1. Fernando Alonso: having always been quick at Silverstone, this is a race that Alonso will be looking forward to - it perhaps represents an opportunity to get one over his rookie teammate, who will be under new and different pressures.
2. Lewis Hamilton: arriving in Britain, in front of a passionate home crowd with a comfortable championship lead, this rookie is about to discover a whole new pressure. To date, he has seemed only to get faster as the season progresses and has clearly been consistent - it will be interesting to see if the crowd has any impact on his driving.
Objectives: pole and race win.
Kimi Raikkonen testing at Silverstone © LAT
France marked a big turnaround for Ferrari, and coming back from McLaren's domination of the previous three events to claim the one-two finish was a significant achievement. They might not have things quite so easy at Silverstone, but they will certainly be aiming for a repeat performance.
That said, they went to the British Grand Prix expecting to win last year, too, only to discover that Renault had a clear edge. It would not be surprising to discover that McLaren have also managed to keep something in hand too.
Whilst there may be question marks over whether it was their damaged wind tunnel that impeded progress on the specialist aero circuits, there is no doubt that for the medium high downforce tracks that make up the bulk of the European season, they have a package that is clearly to be reckoned with.

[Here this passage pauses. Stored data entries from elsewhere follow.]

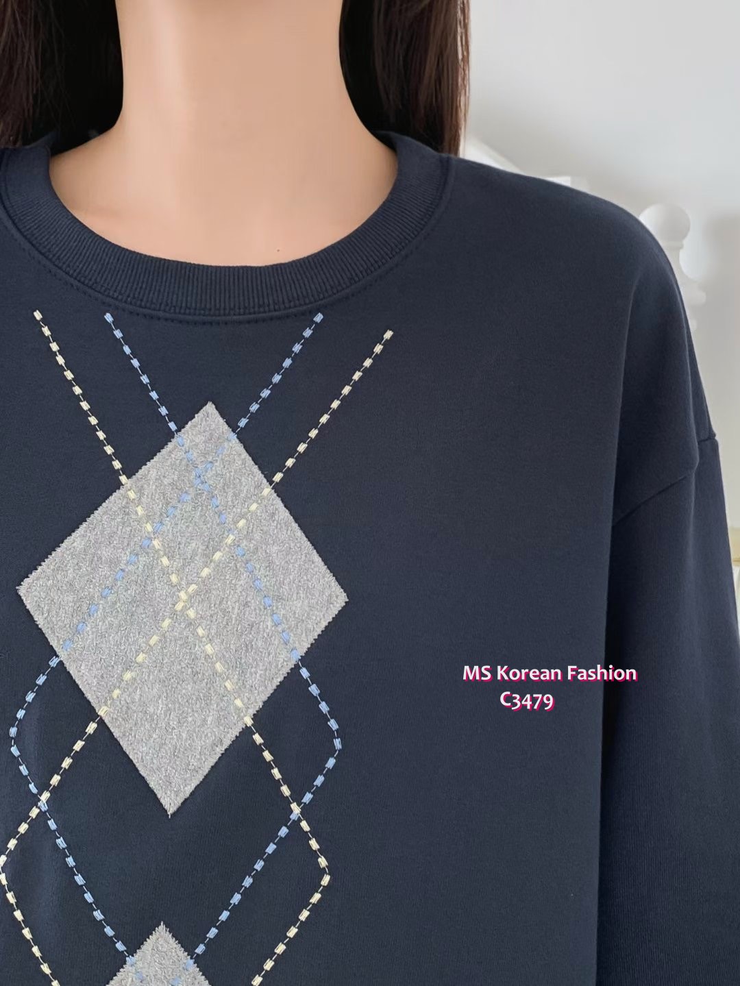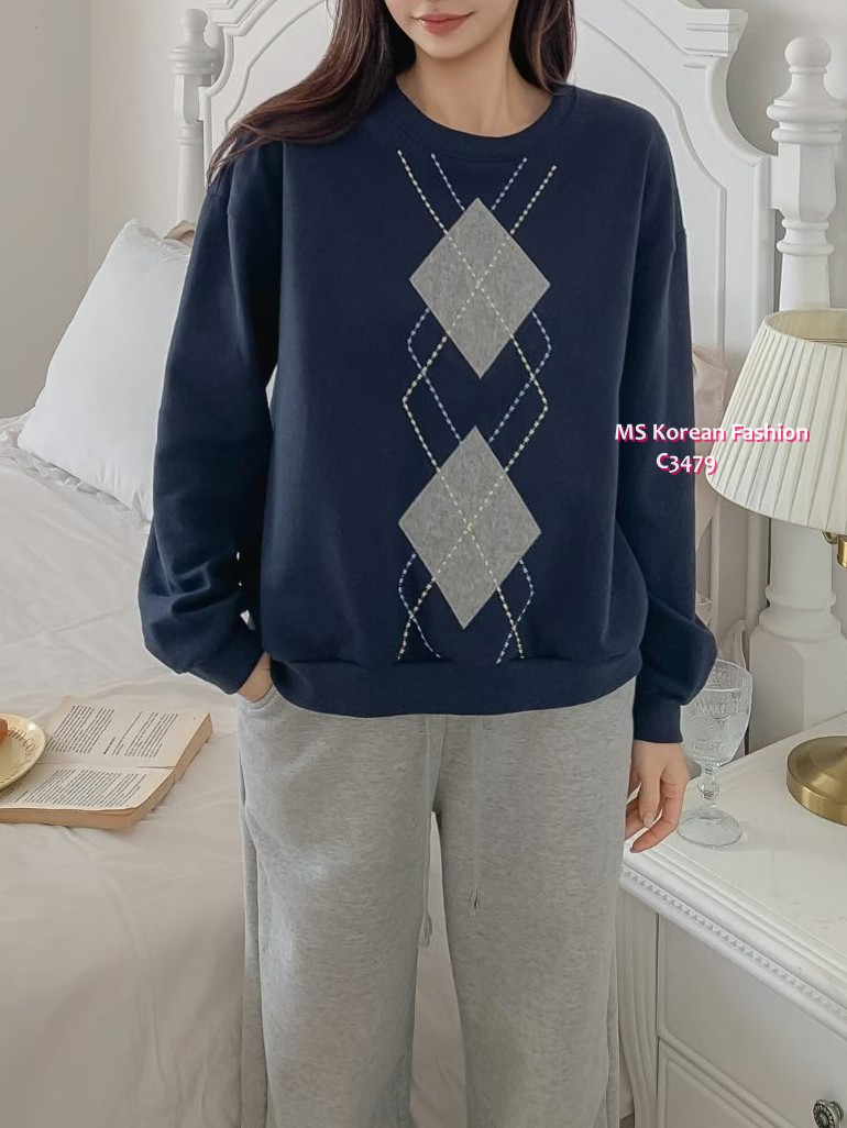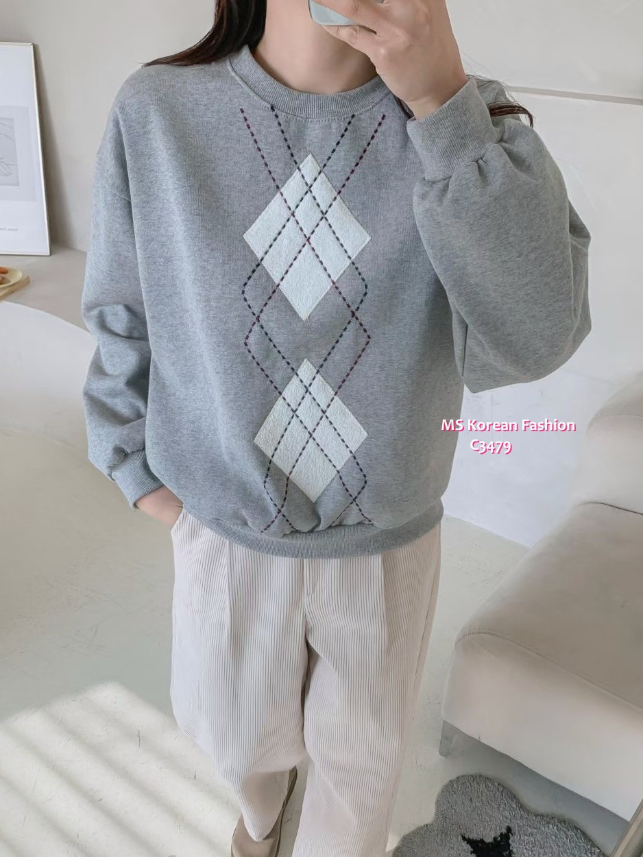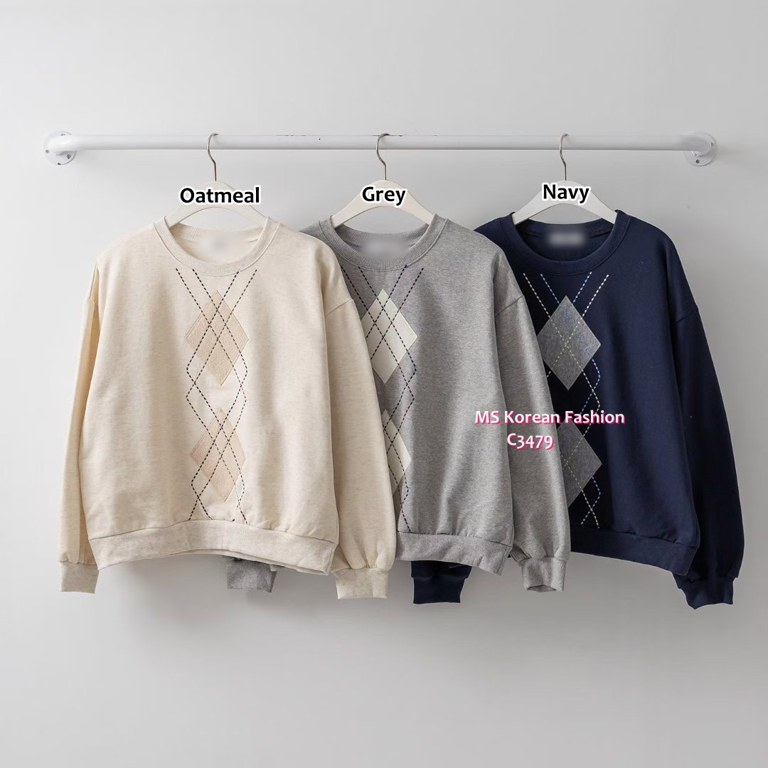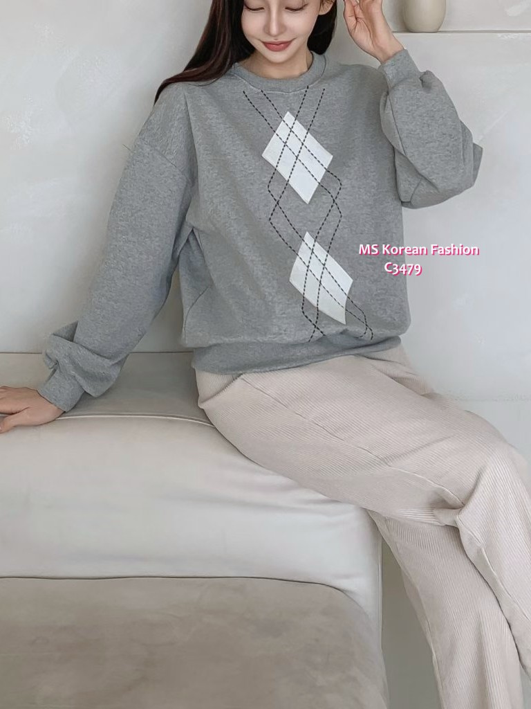 C3479 韓國🇰🇷靚色菱格紋衛衣
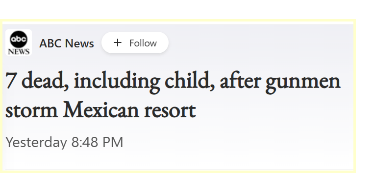 April 17, 2023 Gunman kills 7 at Mexican Resort GIVE KNOWLEDGE AND SHARE THIS! Click to share on Facebook (Opens in new window) Facebook Click to share on Telegram (Opens in new window) Telegram Click to share on X (Opens in new window) X Like Loading... Related
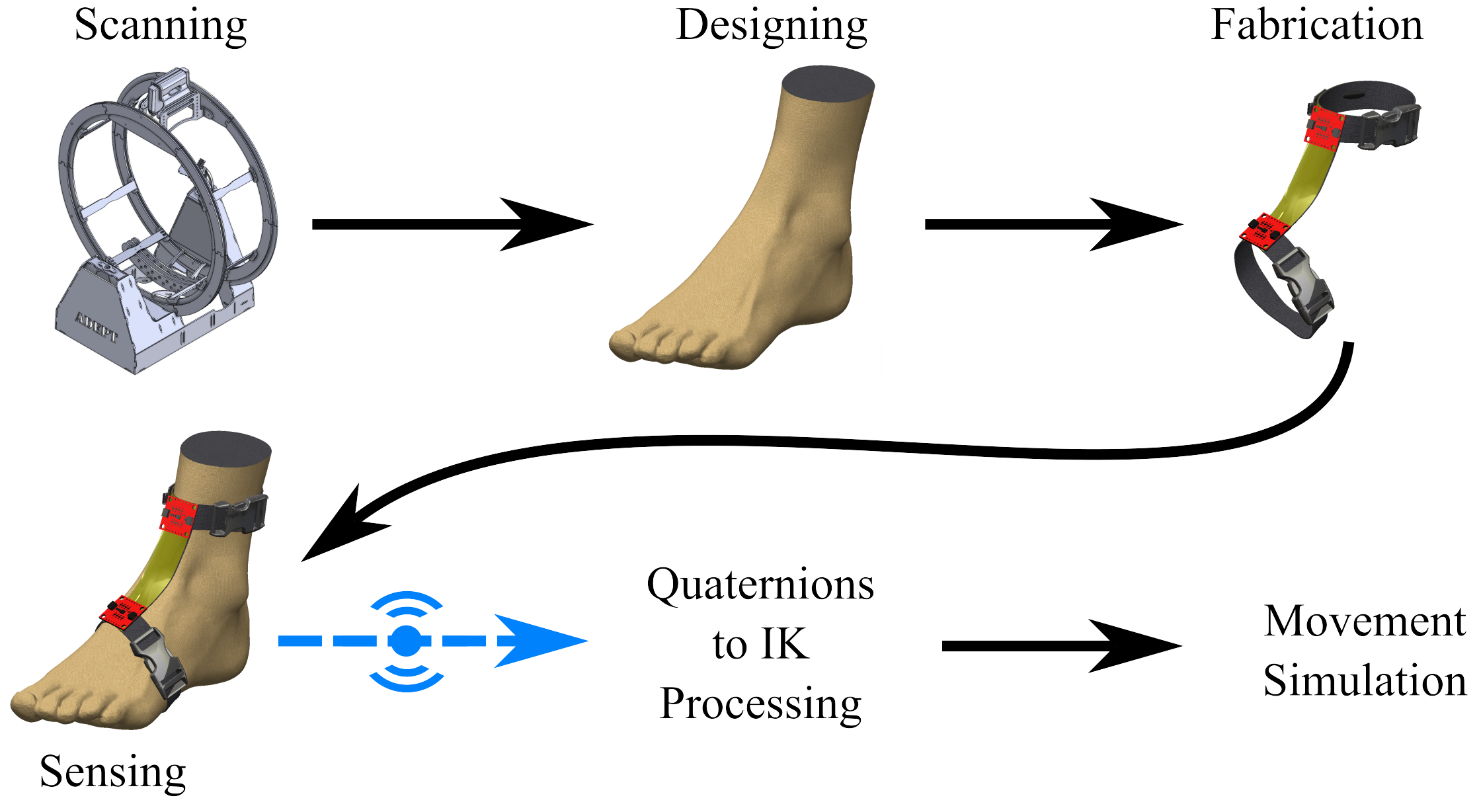 [EMBC25]This project focuses on the development of a personalized, sensorized ankle brace for injury prevention and trauma mitigation. It builds on a wearable inertial sensing platform and subject-specific anatomical modeling to accurately capture ankle kinematics. High-resolution 3D scanning informs optimal sensor placement and individualized brace design. The resulting sensor data are used for classification of high-risk movement patterns and to drive the development of an active orthosis to prevent injury or reduce its severity.

McLaren will probably be closer in performance, but there is no doubt that Ferrari will be looking for another win.
5. Felipe Massa: clearly frustrated at coming second in France after encountering more traffic than his teammate at a critical time, the Brazilian will be looking for restitution at Silverstone. With confidence high and the team being thoroughly even-handed, he will be looking to confirm that he retains the edge over his teammate.
6. Kimi Raikkonen: with another win under his belt, following a strong qualifying session, it seems that Raikkonen is coming up to the form that he was hired to demonstrate - which will do a lot to quiet his detractors, for now anyway. Historically, he has qualified strongly in Britain but not gone quite so well on race day... perhaps this is his year to reverse that.
Objectives: pole and race win.
It was something of a mixed weekend for Renault at their home Grand Prix. The team qualified quite well, but saw Kovalainen's race ruined when Trulli punted him in to a spin, and Fisichella lost out to Heidfeld in the first round of stops - though he was fast enough to keep Alonso behind. All told, a frustrating weekend for the team, as they had rather hoped their latest improvements would put them up with BMW.
At Silverstone, they are unlikely to put together anything like the weekend they enjoyed last year, where they won with both cars on the podium: getting that close to the front would mean performing on a par with Ferrari and McLaren, which is an unlikely eventuality.
Realistically, although the team are close to BMW for performance and expect to have a qualifying advantage against most of their midfield rivals, they can expect to see pressure from Williams, Red Bull and probably Honda this weekend, so a good fight will be in order on Sunday if they are to score points.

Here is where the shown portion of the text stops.